The study included an analysis of the possible reasons (see table 5) why these parameters are

considered to be critical.

TABLE 5 - Reasons for the criticality of parameters

Reason Explanation

Missing NRs Requirements. The NRs for a certain parameter are not known or not available to the applicant asking for authorisation.

Unwritten NRs. The NRs are known but not explicitly notified.

Test procedure lacking / missing requirements for tests.

The NRs are incomplete due to the missing requirements to check conformity to the NR.

Acceptance of presented documentation.

The NRs incomplete because the requirement related to the documentation for the proof of conformity to NRs is missing.

Additional Re-engineering costs to equip vehicle with additional / different hardware.

Due to the characteristics of the existing trackside infrastructure (e.g. related to the signalling system or energy system) additional hardware/components need to be installed on the vehicle.

The study did not reveal dominant causes which need specific attention. The reason “Additional Re-

Engineering (Additional Hardware)” came out slightly higher, which was not a surprise due to the

fact that different infrastructure characteristics in each MS (e.g. Automatic Train Control/Automatic

Train Protection) typically require additional hardware. In addition, the analysis of reasons revealed

that two parameters slightly dominate with regards to their criticality from a technical point of

view:

Equipment of locomotives with Class B systems

Different braking requirements

This leads to the conclusion that these parameters should be analysed with a higher priority when

cross-referencing NRs.

5.3 Economic Analysis of Cost Driver Parameters

Based on the feedback provided by the sector, the quantitative cost impact of the individual cost driver parameters is shown below in Table 6. The table indicates the costs for testing and assessment but does not include costs related to additional engineering; e.g. installation of additional pantograph, Class B system, etc.

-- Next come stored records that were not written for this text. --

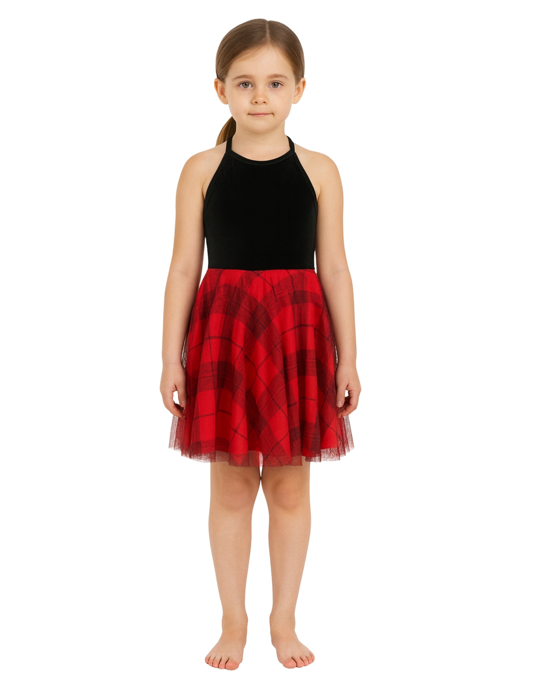 Girls, Sleeveless, Round Neck, Ruffle, Stripe, Smooth, Chic Dress, 92% Polyetser, 8% Spandex
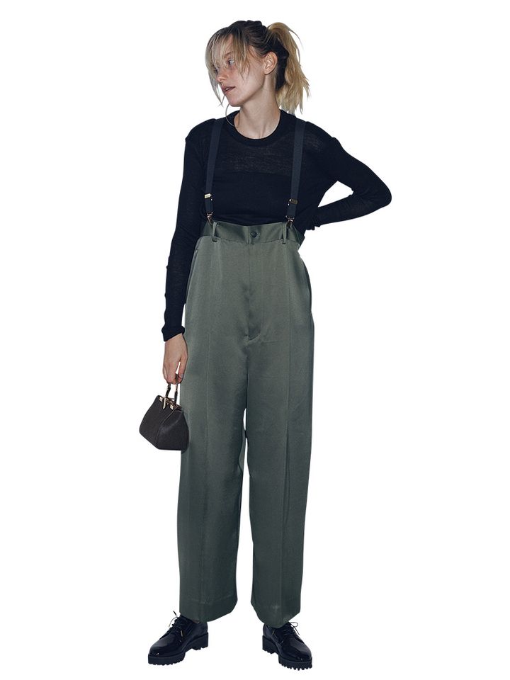 【POINT】光沢感のあるパンツで無骨な黒+カーキ配色をリュクスに好転。トップスはシンプルな黒にとどめて、深い股上とサスペンダーによる縦に伸びた印象を印象づけて。
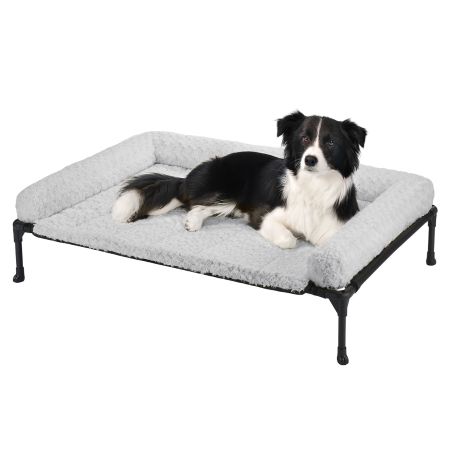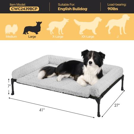 Size Dimensions Weight Suggested Pet Weight M 35"L×22"W×7"H 7.70lbs up to 70lbs L 41"L×27"W×9"H 9.30lbs up to 90lbs XL 47"L×29"W×9"H 11.90lbs up to 150lbs XXL 53"L×33"W×9"H 15.00lbs up to 150lbs 3XL 59"L×37"W×9"H 18.10lbs up to 150lbs Item Number CWC2439BCP Weight 7.70lbs Species Dogs Bed Shape Rectangular Product Feature Breathable, Removable & Washable Mat General Material Iron, Metal Bed Type Elevated Beds Cover Material Faux Fur, Teslin Fabric Fill Material N/A Lifestage All Lifestages Assembly Required Yes Tools Included No - Video Tutorial

While costs have been estimated or given to the Agency for the various stages of the authorisation procedure, in general, the benefits of authorisation (its purpose) have not been discussed or investigated. This is an issue to be addressed in part 2. Without the benefits, it is not possible to tell whether the costs are excessive or justified. It is also not possible to understand the disadvantages of removing aspects of the authorisation procedure, even though costs might be saved however it is fair to say that where duplicate checks are in place it is likely that this adds cost witjout benefit.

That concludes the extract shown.